To debug this, I've been adding some printk statements to various points in the raspbian source pulled from git:
https://github.com/raspberrypi/linux
I felt the most relevant place to start with the debugging was in the bluetooth RX code, e.g. print something for each bluetooth message send to the line discipline. Specifically, in drivers/bluetooth/hci_ldisc.c, in the hci_uart_tty_receive function, I added two lines to the beginning:
printk(KERN_ERR "AARON: In hci_uart_tty_receive with tty %p\n", tty);
dump_stack();
After rebuilding the kernels and starting the devices, on the pi running 20180313 I saw the log messages/stack traces and on the other pi I saw nothing, indicating the bluetooth RX code isn't being reached. So to further debug, I looked at the stack trace, which was:
Jul 9 21:03:18 tiltpi kernel: [ 9.391137] Workqueue: events_unbound flush_to_ldisc
Jul 9 21:03:18 tiltpi kernel: [ 9.391166] [<8010f664>] (unwind_backtrace) from [<8010bd1c>] (show_stack+0x20/0x24)
Jul 9 21:03:18 tiltpi kernel: [ 9.391183] [<8010bd1c>] (show_stack) from [<80449c20>] (dump_stack+0xc8/0x114)
Jul 9 21:03:18 tiltpi kernel: [ 9.391221] [<80449c20>] (dump_stack) from [<7f4400cc>] (hci_uart_tty_receive+0x5c/0xac [hci_uart])
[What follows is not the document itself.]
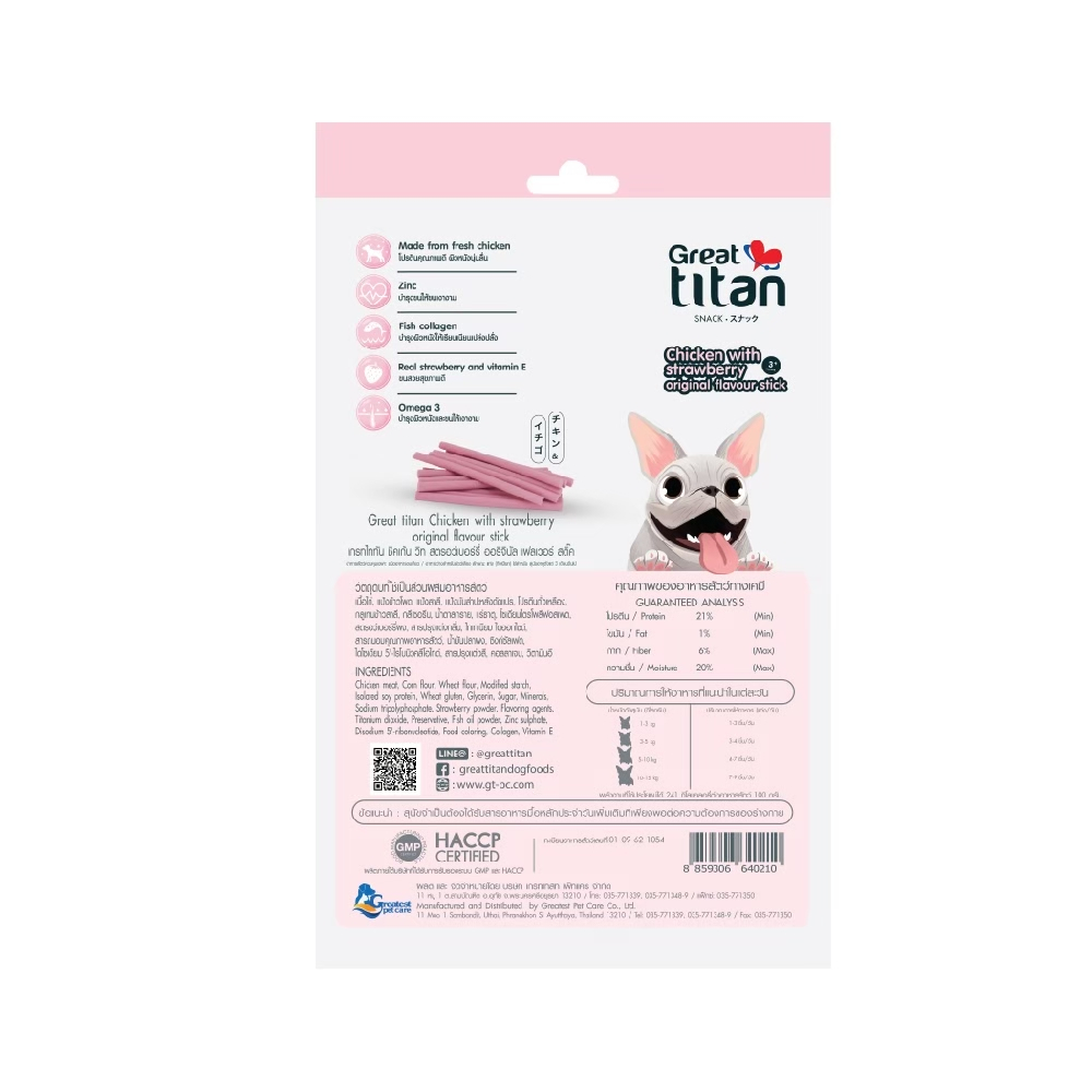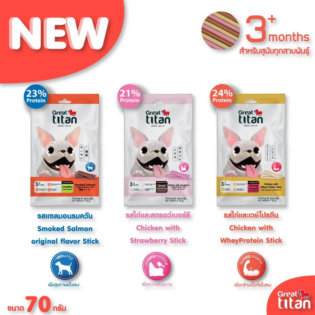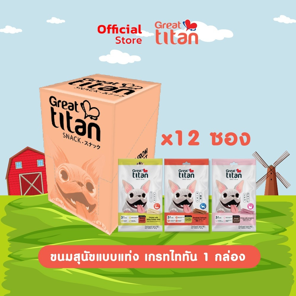 GREAT TITAN SNACK รส ไก่และสตอเบอรี่ ขนาด 70 g.X12 ซอง [ 1 กล่อง ] ขนมสุนัข สำหรับสุนัขทุกสายพันธุ์

Jul 9 21:03:18 tiltpi kernel: [ 9.391254] [<7f4400cc>] (hci_uart_tty_receive [hci_uart]) from [<804b9bdc>] (tty_ldisc_receive_buf+0x64/0x6c)
Jul 9 21:03:18 tiltpi kernel: [ 9.391273] [<804b9bdc>] (tty_ldisc_receive_buf) from [<804ba15c>] (flush_to_ldisc+0xcc/0xe4)
Jul 9 21:03:18 tiltpi kernel: [ 9.391293] [<804ba15c>] (flush_to_ldisc) from [<80135934>] (process_one_work+0x144/0x438)
Jul 9 21:03:18 tiltpi kernel: [ 9.391311] [<80135934>] (process_one_work) from [<80135c68>] (worker_thread+0x40/0x574)
Jul 9 21:03:18 tiltpi kernel: [ 9.391328] [<80135c68>] (worker_thread) from [<8013b930>] (kthread+0x108/0x124)
Jul 9 21:03:18 tiltpi kernel: [ 9.391352] [<8013b930>] (kthread) from [<80107ed4>] (ret_from_fork+0x14/0x20)
I proceeded to add printk statements for flush_to_ldisc and tty_ldisc_receive_buf, recompile, and retest. However, while I continued to see the printk message I added in hci_uart_tty_receive, I did not see the messages I added to flush_to_ldisc or tty_ldisc_receive_buf.
Upon further inspection of the kernel source, I found the stack trace didn't even make sense as the functions listed did not directly call to eachother. More specifically, in tty_buffer.c, flush_to_ldisc (towards the bottom of the stack) calls to receive_buf, which then calls to tty_ldisc_receive_buf, which will then call to hci_uart_tty_receive in hci_ldisc.c. The kernel stack doesn't have any entry for receive_buf and shows flush_to_ldisc calling directly to _tty_ldisc_receive_buf.
So I'm quite confused. I've searched through the kernel source and found no other declarations of "flush_to_ldisc" or "tty_ldisc_receive_buf" functions.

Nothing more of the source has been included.